US-Geheimdienstkoordinatorin Avril Haines hatte am Freitag einen Bericht freigegeben, in dem Kronprinz Mohammed für die Ermordung Khashoggis verantwortlich gemacht wird. "Unserer Einschätzung zufolge genehmigte der saudiarabische Kronprinz Mohammed bin Salman einen Einsatz in Istanbul, Türkei, um den saudiarabischen Journalisten Jamal Khashoggi zu ergreifen oder zu töten", heißt es in dem Bericht.

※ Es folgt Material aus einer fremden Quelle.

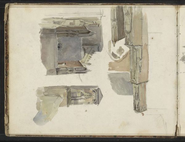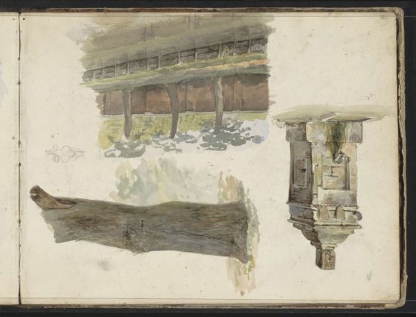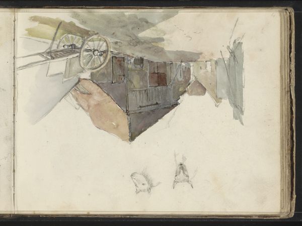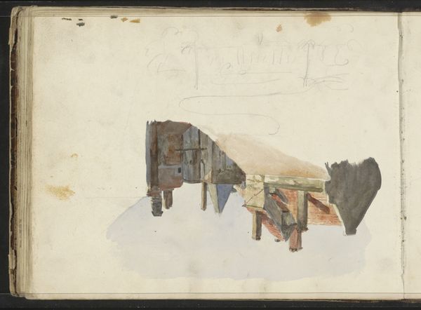 Curator: Welcome. We're looking at Willem (II) Troost's "Boerderijen," a watercolor and colored pencil work, dating roughly from 1822 to 1893. It's currently held in the collection of the Rijksmuseum. Editor: My first impression is of something sketched quickly, perhaps outdoors. There's a certain raw, immediate quality to the light washes. You can almost feel the dampness in the air. Curator: Absolutely. I think the visible layering of washes, typical of the watercolor medium, adds to that sense of atmospheric perspective. Look at the placement of the houses – the higher one seems to echo the lower, almost mirroring it. I find myself searching for the symbolism implicit in the reflection or repetition of simple forms. Editor: It’s more than simple echoing for me, I think it exposes how provisional everything is: look how much unpainted paper remains. Notice the marks from the colored pencil indicating structure? It looks like the roof and windows are given shape using only basic angular elements to support the planes and shapes of each construction. And observe that the materials are humble, affordable. I would suggest the choice of subject matter is just a quick sketch—more accessible. Not so burdened with classical ideals. Curator: A quick study, perhaps, but even so, one still finds echoes of familiar themes within the artistic record, particularly Dutch art history. Aren't you intrigued by the contrast between the vulnerability suggested by the open windows and doors and the stability conveyed by the solid geometry of each house? The human element, even absent, speaks volumes. Editor: But is it really stable? To my eyes it reads less as permanent solidity and more a study of modest constructions created in the moment with few materials to hand. This feels quite democratic to me – elevating everyday life through the artist’s careful considerations of the texture of the buildings and the play of light upon them, and done in a cheap manner, for us. Curator: And now you point it out I note its very much lacking humans; maybe these farms have become shells of themselves? It really lends itself to a contemporary reading when viewing its materiality and simplicity alongside its setting… almost a comment on sustainability for that time? It makes one wonder what memories might attach themselves to the structures represented within it over the centuries? Editor: Indeed. So much we don’t know that is provoked in viewing this painting...

Khashoggi war am 2. Oktober 2018 im saudiarabischen Konsulat in Istanbul von einem 15-köpfigen saudiarabischen Kommando ermordet worden, seine Leiche wurde zerstückelt. Der Journalist lebte damals im Exil in den USA und schrieb dort für die angesehene Tageszeitung "Washington Post", wollte in dem Konsulat aber Unterlagen für seine Heirat mit seiner türkischen Freundin abholen.

Unter internationalem Druck erklärte Riad nach wochenlangen Dementis, dass der regierungskritische Journalist "bei einem missglückten Einsatz zu seiner Festnahme" getötet worden sei. Eine Verwicklung des Kronprinzen wies das Königreich aber entschieden zurück.

Nach der Veröffentlichung des Geheimdienstberichts zum Fall Khashoggi verhängte die US-Regierung Sanktionen gegen zahlreiche saudiarabische Staatsbürger sowie gegen die Elite-Einheit, die den Mord an Khashoggi geplant und ausgeführt haben soll, nicht aber gegen den Kronprinzen selbst.